What the task asks:
The lines you return should be those containing the string "человек", taken from the data below.

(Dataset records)

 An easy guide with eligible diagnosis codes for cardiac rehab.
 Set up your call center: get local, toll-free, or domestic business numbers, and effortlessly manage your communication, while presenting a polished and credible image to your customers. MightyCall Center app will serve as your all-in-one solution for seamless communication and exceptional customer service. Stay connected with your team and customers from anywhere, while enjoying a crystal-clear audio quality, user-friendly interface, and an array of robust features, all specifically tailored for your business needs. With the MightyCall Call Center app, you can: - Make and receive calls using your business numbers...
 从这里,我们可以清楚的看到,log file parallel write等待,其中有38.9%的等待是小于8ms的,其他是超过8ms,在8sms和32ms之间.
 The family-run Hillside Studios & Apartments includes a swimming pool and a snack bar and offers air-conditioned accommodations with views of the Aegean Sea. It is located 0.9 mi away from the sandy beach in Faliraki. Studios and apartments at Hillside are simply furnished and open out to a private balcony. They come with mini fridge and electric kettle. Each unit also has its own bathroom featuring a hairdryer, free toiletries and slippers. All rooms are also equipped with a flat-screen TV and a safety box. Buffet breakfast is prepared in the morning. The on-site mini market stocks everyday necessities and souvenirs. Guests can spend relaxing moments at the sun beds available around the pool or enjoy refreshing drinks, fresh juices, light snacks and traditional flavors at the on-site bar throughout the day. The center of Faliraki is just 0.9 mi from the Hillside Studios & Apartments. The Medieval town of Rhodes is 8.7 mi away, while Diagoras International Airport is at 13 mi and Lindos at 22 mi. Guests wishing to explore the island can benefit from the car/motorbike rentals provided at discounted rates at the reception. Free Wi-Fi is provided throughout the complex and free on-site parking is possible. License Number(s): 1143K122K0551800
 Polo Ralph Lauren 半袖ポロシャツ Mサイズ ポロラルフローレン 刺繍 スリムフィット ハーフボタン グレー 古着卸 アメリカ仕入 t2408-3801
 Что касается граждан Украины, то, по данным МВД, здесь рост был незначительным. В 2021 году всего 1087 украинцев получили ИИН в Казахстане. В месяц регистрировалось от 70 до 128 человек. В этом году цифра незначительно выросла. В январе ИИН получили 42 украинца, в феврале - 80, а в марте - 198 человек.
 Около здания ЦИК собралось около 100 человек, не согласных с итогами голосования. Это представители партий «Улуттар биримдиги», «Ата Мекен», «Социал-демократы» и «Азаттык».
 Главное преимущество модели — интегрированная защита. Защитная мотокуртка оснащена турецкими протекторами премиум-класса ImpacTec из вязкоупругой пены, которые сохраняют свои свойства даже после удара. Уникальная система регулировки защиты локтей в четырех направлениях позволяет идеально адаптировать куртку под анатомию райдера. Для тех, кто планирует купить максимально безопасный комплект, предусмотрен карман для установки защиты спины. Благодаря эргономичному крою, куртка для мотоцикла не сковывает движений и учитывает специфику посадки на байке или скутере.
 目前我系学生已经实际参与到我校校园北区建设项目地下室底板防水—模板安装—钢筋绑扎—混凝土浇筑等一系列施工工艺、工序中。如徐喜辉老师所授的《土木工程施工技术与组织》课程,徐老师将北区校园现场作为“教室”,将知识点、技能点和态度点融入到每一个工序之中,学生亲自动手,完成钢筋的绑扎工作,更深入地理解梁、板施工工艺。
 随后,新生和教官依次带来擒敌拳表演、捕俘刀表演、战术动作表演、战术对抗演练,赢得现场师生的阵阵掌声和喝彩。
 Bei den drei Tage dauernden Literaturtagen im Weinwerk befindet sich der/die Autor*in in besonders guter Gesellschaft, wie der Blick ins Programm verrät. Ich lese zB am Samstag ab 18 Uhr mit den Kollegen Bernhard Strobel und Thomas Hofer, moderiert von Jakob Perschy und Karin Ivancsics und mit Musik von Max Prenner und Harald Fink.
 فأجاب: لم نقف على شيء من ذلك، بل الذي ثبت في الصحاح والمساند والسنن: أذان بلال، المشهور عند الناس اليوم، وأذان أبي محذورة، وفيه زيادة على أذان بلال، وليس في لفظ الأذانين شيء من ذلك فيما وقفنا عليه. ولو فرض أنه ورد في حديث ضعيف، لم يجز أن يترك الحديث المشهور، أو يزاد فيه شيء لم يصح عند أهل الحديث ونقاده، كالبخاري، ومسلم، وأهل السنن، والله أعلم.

Final answer:
 Что касается граждан Украины, то, по данным МВД, здесь рост был незначительным. В 2021 году всего 1087 украинцев получили ИИН в Казахстане. В месяц регистрировалось от 70 до 128 человек. В этом году цифра незначительно выросла. В январе ИИН получили 42 украинца, в феврале - 80, а в марте - 198 человек.
 Около здания ЦИК собралось около 100 человек, не согласных с итогами голосования. Это представители партий «Улуттар биримдиги», «Ата Мекен», «Социал-демократы» и «Азаттык».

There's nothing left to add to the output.